Tag Archives: Speech Day

Stumped for Something to Say

25 Wednesday Jun 2014

Posted by Candia in Education, Humour, News, Philosophy, Psychology, Social Comment, Sport, Suttonford, television, Writing

≈ 5 Comments

Tags

Christingle, cow shot, Devil's Number, dibbly dobbly, dinks, Educating Essex, glovemanship, Harley-Davidson, innings, mankad, Morality play, Nightwatchman, Ofstead Inspection, pantomime dame, psychobabble, red cherry, Sahara, snickometer, Speech Day, St Birinus, sticky wicket, stodger, stonewaller, tautology, Test Match, the crease, the Yips, World Cup, Zen, Zoota Flipper

Pollock to Hussey.jpg

Augustus Snodbury was trying to compose his Acting Head’s Report

for Speech Day.  He was endeavouring, in vain, to find a string of lexical

chains to give rhetorical cohesion to his oration.

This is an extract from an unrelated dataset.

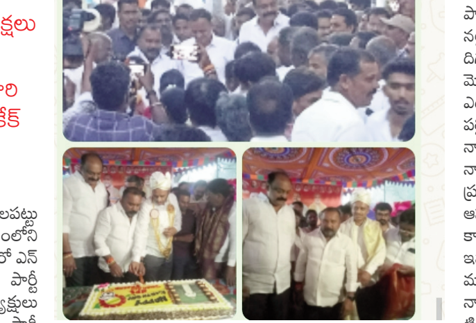
బెంగళూరు చెన్నై తాతగారు మీదగా కేక్ కట్టడం చిరునవ్వులను గుండె కట్టింది. బెంగళూరు తెలుగుదేశం

When I first came to the crease, I felt a bit of a Nightwatchman, but I

determined that I would never be a mankad who left before the bowler

released the red cherry.

But would everyone latch onto his cricketing references?  They were

probably anticipating him making allusions to standing on the shoulders

of previous giants, acknowledging colleagues who would be off to

pastures new and so on.  Nevertheless, he decided to be true to his own

field of interest and continued to unearth parables from the sphere of the

Test Match.

When I was invited to assume Captaincy, I was hoping that I wouldn’t

be on to a sticky wicket.  Speaking as a ferret, I feel that I have played a

cameo of an innings and, if I have been a bit of a stodger, at least no one

could accuse me of having been a stonewaller.

Hmmm, maybe too much damning of himself with faint praise…

We- ah, the first person plural always lends a bit of authority!-have never

been a school which encourages cow shots.  We have dealt firmly with pie

chuckers. (Here he found his thoughts straying to Boothroyd-Smythe)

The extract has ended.